Kitzingen könnte eine der ersten Städte sein, in denen autonomes Fahren im realen Raum stattfindet. Oberbürgermeister Stefan Güntner möchte die Pläne jedenfalls vorantreiben. Kürzlich besuchte er mit einer Delegation die ZF-Versuchsstrecke in Schweinfurt, teilt die Stadt Kitzingen mit.

Laut Pressemitteilung erinnerte Projektleiter Jochen Benz an die Herausforderungen der Mobilität im 21. Jahrhundert: Ein hoher Grad an Individualverkehr, der die Umwelt massiv belastet, eine geringe Auslastung der Busse, eine teils mangelhafte Anbindung, gerade im ländlichen Raum, und nicht zuletzt ein Mangel an Busfahrern.

Wie sicher autonomes Fahren sein kann, davon überzeugte sich die Kitzinger Delegation bei einer Shuttle-Probefahrt. Bis zu 22 Personen finden in dem Gefährt mit dem Modellnamen „GRT – Group Rapid Transit“ Platz, das derzeit auf maximal 40 Stundenkilometer kann. Mit Hilfe von Kameras und Sensoren kann das Shuttle alle Objekte auf der Straße erkennen und einordnen.
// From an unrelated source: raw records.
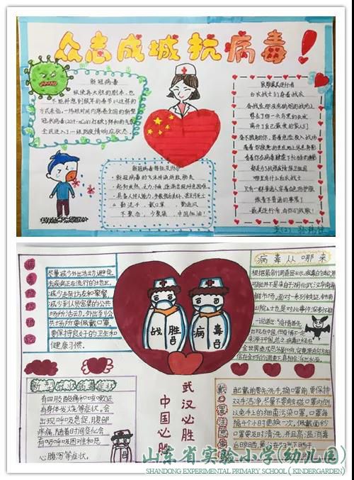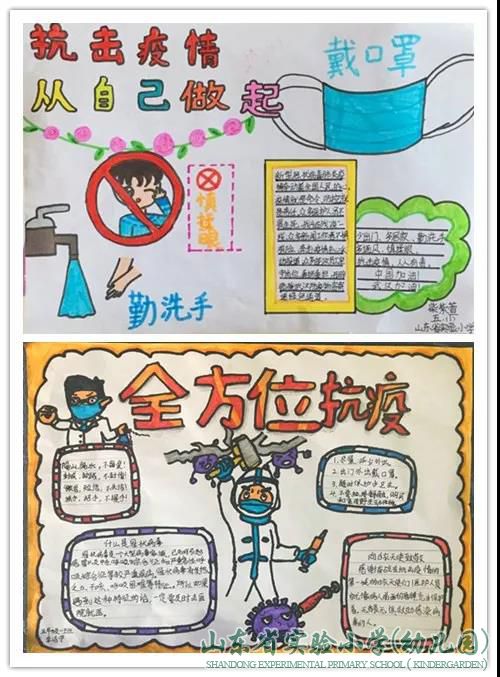 五年级的同学则拿出尺子将自己学习到的防控规范知识制作成一张张防控规范知识小报。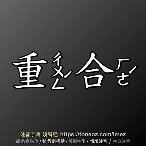 重合,注音ㄔㄨㄥˊ ㄏㄜˊ,拼音chóng hé,辭典解釋為:1.分而復合。 2.凡物體的幾個分子自相結合,而仍為同物質的現象,稱為「重合」。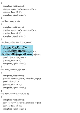The document is a C program that implements the dining philosophers problem using semaphores to coordinate access to chopsticks among philosophers. It initializes semaphores and creates threads for each philosopher, simulating their actions of thinking, eating, and waiting for chopsticks. Finally, it calculates and displays the total meals served and average hungry time after all philosophers have completed their eating.

Mit der Bahn von der Siedlung in die Marshall-Heights

OB Güntner möchte möglichst schnell einen nachhaltigen und attraktiven öffentlichen Nahverkehr im Stadtgebiet etablieren, heißt es in der Mitteilung. Er könne sich eine Hauptstrecke von der Siedlung bis in die Marshall-Heights mit Anbindung an den Bahnhof, die Klinik Kitzinger Land und den Innopark vorstellen. Eine zweite Strecke könnte sich vom Bahnhof bis zu ConneKT erstrecken, auch die Ortsteile wolle er eingliedern.

Als Fahrbahn schwebt dem OB einer der kombinierten Rad-, Gehwege entlang der B8 vor. „Für uns macht das System nur Sinn, wenn es eine separate Spur gibt“, wird er zitiert. Das Shuttle soll für Kitzingen langfristig die gleiche Funktion erfüllen wie eine Straßenbahn für eine Großstadt. Eine Machbarkeitsstudie sei bereits für ZF als Fahrzeughersteller und DB Regio als potenziellen Betreiber in Auftrag gegeben worden. Güntner ist sich sicher: "Dem autonomen Fahren gehört die Zukunft. Gerade in Städten wie Kitzingen."